Councils find accommodating urban growth to be costly, so they use what tools they can to restrict it. Until that underlying problem is solved, they'll keep finding new ways to obstruct growth in places where people want to live, but where accommodating growth is just too hard.
It is understood the Government thinks what Auckland Council notified in August is unlawful, breaching the spirit and the letter of both laws, mainly because of the way the council has applied "special character area" protections liberally in Auckland's villa belt.
Government can keep setting new rules on top of councils, but it's balloon-squeezing. Until and unless they sort out the underlying mess that makes councils behave like this, they'll just keep reaching for other tools. We've already seen Greater Wellington Regional Council pull in greenhouse gas emissions as reason to block new subdivisions.
How to fix it?
- Recognise that it's a deep structural problem in councils caused by decades of misaligned incentives, which have encouraged strongly anti-growth cultures to develop within councils.

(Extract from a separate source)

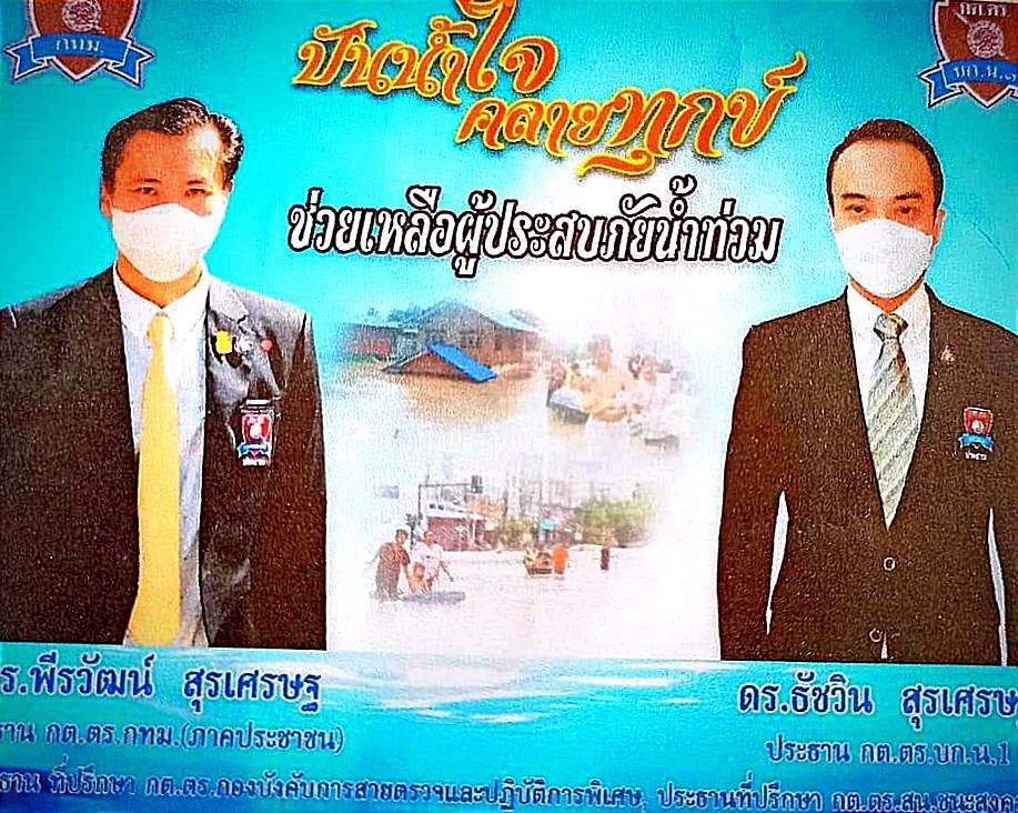 ห้างเพชรหลีเสง (L.S.Jewelry Group) โดย ดร.นฤมล-ดร.พีรวัฒน์-ดร.ธัชวิน สุรเศรษฐ M.D.L.S.Jewelry Group (ห้างเพชรหลีเสง), ประธานกต.ตร.กทม.(ภาคประชาชน), ประธานกต.ตร.บก.น.1, ประธานกต.ตร.บก.สายตรวจและปฏิบัติการพิเศษ(191), ประธานกต.ตร.สน.ชนะสงคราม ได้ส่งทีมอาสาลงพื้นที่น้ำท่วม นำข้าวสาร, อาหารแห้ง, น้ำดื่ม และยารักษาโรค เข้าช่วยเหลือประชาชนที่ประสพภัยในพื้นที่ อำเภอบ้านหมี่ จังหวัดลพบุรี

- Change the underlying incentives to make growth a benefit, rather than a cost, for councils. Do so by:
- Providing grants to councils for every new dwelling built, so they share in the benefits of growth;
- Enabling councils to issue long-duration revenue bonds to fund infrastructure, financed by revenues from that infrastructure's beneficiaries, separate from council main balance sheets.

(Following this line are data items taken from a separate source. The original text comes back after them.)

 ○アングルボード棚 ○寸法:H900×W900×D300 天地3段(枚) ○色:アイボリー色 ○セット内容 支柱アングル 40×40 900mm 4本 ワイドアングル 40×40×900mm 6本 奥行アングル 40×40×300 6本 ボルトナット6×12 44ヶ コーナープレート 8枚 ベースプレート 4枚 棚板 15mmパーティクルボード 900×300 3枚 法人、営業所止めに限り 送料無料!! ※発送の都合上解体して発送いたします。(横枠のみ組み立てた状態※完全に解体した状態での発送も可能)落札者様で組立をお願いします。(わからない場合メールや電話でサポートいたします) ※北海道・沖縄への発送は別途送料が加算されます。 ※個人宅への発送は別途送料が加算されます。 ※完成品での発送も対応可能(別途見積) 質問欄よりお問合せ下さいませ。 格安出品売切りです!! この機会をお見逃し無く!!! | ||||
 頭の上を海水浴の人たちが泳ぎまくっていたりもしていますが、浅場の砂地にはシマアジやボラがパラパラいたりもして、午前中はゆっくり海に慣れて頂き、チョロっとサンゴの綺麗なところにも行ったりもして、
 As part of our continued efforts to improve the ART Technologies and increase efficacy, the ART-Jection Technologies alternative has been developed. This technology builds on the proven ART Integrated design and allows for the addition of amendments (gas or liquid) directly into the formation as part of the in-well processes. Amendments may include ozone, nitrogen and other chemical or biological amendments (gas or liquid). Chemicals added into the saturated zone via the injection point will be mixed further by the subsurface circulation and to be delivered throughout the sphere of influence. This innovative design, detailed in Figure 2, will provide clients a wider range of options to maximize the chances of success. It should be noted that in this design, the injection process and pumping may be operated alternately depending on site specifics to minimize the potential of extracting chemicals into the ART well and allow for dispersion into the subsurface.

- Recognise that, until those incentives have time to work their way through, councils are going to need constraints.
One simple set of constraints, until the cultures have time to update, which may require a lot of staff turnover, would set UDAs on top of councils as competitive issuers of resource consents and building consents.

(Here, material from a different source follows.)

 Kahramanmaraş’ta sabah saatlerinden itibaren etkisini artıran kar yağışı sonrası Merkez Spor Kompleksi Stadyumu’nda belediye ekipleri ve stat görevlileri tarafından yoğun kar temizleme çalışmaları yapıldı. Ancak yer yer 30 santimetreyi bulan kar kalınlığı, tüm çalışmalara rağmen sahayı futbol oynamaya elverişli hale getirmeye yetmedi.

For councils where the median home sells for more than 8x median household income, UDAs could be instructed to disregard viewshafts, frontage setbacks, height limits, balcony requirements, floor-to-ceiling limits, and whatever it is that design panels normally do when issuing consents. For councils where the median home is between 5-8x median household income, there could be a smaller set of "without regard to" things.
These are just indicative. Don't ask me; I'm not a property developer. Ask someone like Matty Prasad. Or Arthur Grimes, who'd done the work showing the shadow cost of all the darned restrictions. Void the most costly ones when and where housing is unaffordable. Where housing is less than 5x median household income, the UDA wouldn't be put into operation.
Basically treat it as training wheels. When Council's demonstrated it can't drive the bike without crashing and making a mess of everything, put training wheels on that constrain against the most costly things they get up to. The training wheels come off when housing's affordable.